それを聞き、すぐにユダヤ人だとわかったが、フェイゴは
それで、軽蔑できるほど腐った精神の持ち主ではなかった。
「あなたは、ユダヤ人なのか。」
フェイゴは言った。
「なぜわかりました。ああ、そうですね。
スペイン語を流暢に話すイスラム商人など珍しいですからね。」
シフは気にしない様子で、ソバ屋まで案内してくれた。
「私はザロモン・シフ、おっしゃるとおりユダヤ人です。
あなたは、わたしを裏切り者、敵だと思われますか。」
シフはそういうとやさしく微笑んだ。
「いや私も、イエズス会、テンプル騎士の一人だ。
ユダヤ人に罪がないことは知っている。それに
白人系のユダヤ人は、イスラエルと何の関係もない
難民だ。非難するいわれなどない。
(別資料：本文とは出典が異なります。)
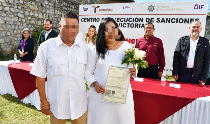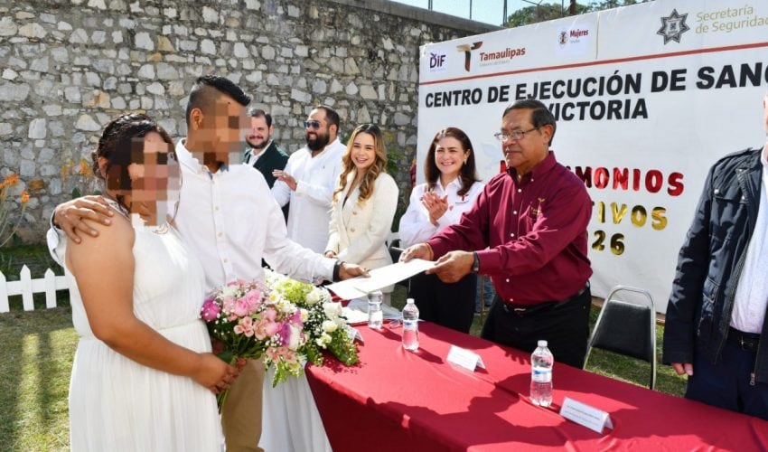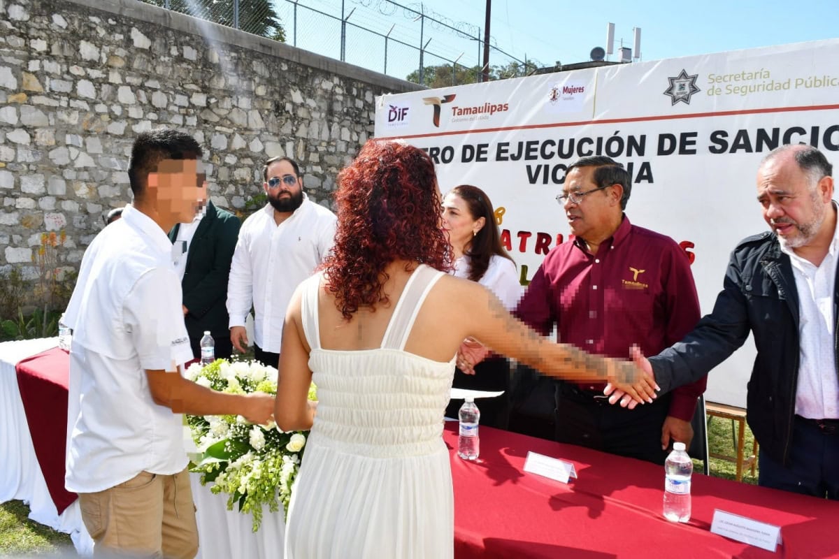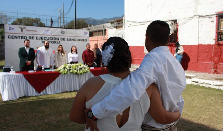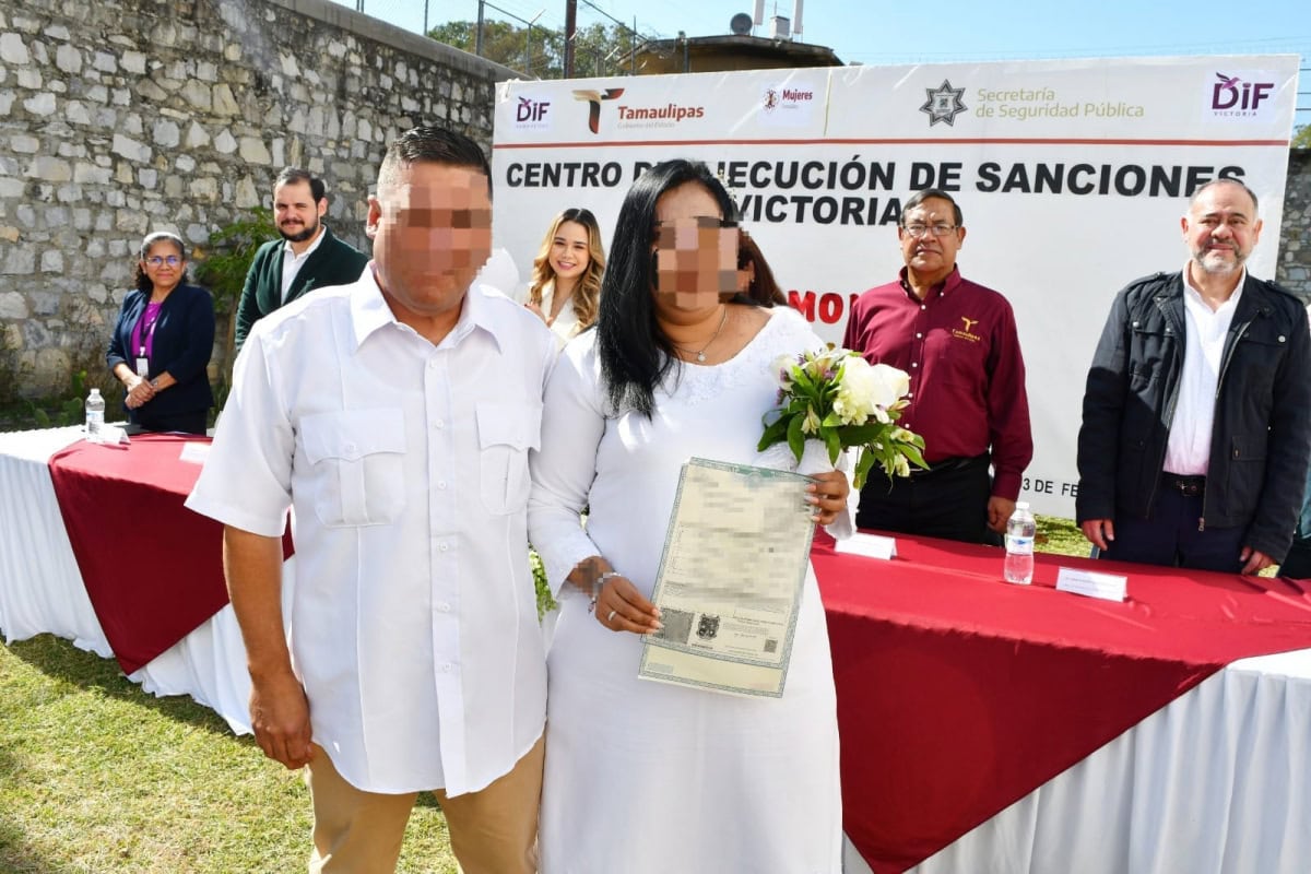 Febrero 04 de 2026 Ciudad Victoria, Tamaulipas.– Con base en el respeto a los derechos de las personas privadas de la libertad (PPLs) y en la estrategia de reinserción social, que tiene a las relaciones familiares entre sus ejes fundamentales, 21 parejas formalizaron su unión al interior del Centro de Ejecución de Sanciones (CEDES) de Ciudad Victoria. La ceremonia de matrimonios colectivos fue posible gracias a la sinergia entre la Secretaría de Seguridad Pública de Tamaulipas (SSPT), el Sistema DIF Victoria, la Dirección de Oficialías del Registro Civil y el Instituto de las Mujeres en Tamaulipas, y consistió en el enlace legal de 11 parejas integradas por PPLs y 10 entre residentes del CEDES Victoria y personas externas. “La unión en pareja que celebramos en esta fecha cobra relevancia para continuar con su programa encaminado a su reinserción a la sociedad. En lo personal, me queda desearles una vida próspera en pareja, esperando que se encuentren orgullosos del paso que están dando el día de hoy”, manifestó el director del CEDES Victoria, Mario Alberto Hernández Aguirre. Tras firmar y recibir los documentos legales, las parejas recién casadas celebraron una recepción que contó con la asistencia de sus seres queridos, quienes degustaron mole, pastel y refrescos, y participaron en las tradiciones que distinguen a las bodas mexicanas, tales como bailar el vals, “la víbora de la mar” y el lanzamiento del ramo. En representación del secretario de Seguridad Pública de Tamaulipas, Carlos Arturo Pancardo Escudero, asistió el subsecretario de Ejecución de Sanciones y Reinserción Social, Lorenzo Raúl Ruiz Vázquez, quien estuvo acompañado de la encargada del despacho de la Oficialía Número Uno del Registro Civil, María Antonia Maldonado González; la directora jurídica del Instituto de las Mujeres en Tamaulipas, Issa Graciela Edgar Álvarez, quien acudió en representación de la titular de esta dependencia, Marcia Benavides Villafranca; y personal del Sistema DIF Victoria.

」
そういうと、フェイゴはシフにソバを奢らせてもらった。
「私はこれから、越後から入荷する女奴隷を
50人ほど仕入れなければならないので、失礼いたします。」
シフはそういうと、小さな友情の証だと言い、
宝石の指輪を置いて行った。
フェイゴは、急いで追いかけると、自分も何か渡そうと思い
日本で手に入れた、高価な数珠を差し出した。
「これはブレスレットらしい、受け取ってくれ。」
遥か東の国で芽生えた、
ユダヤ人とイエズス会士の友情であった?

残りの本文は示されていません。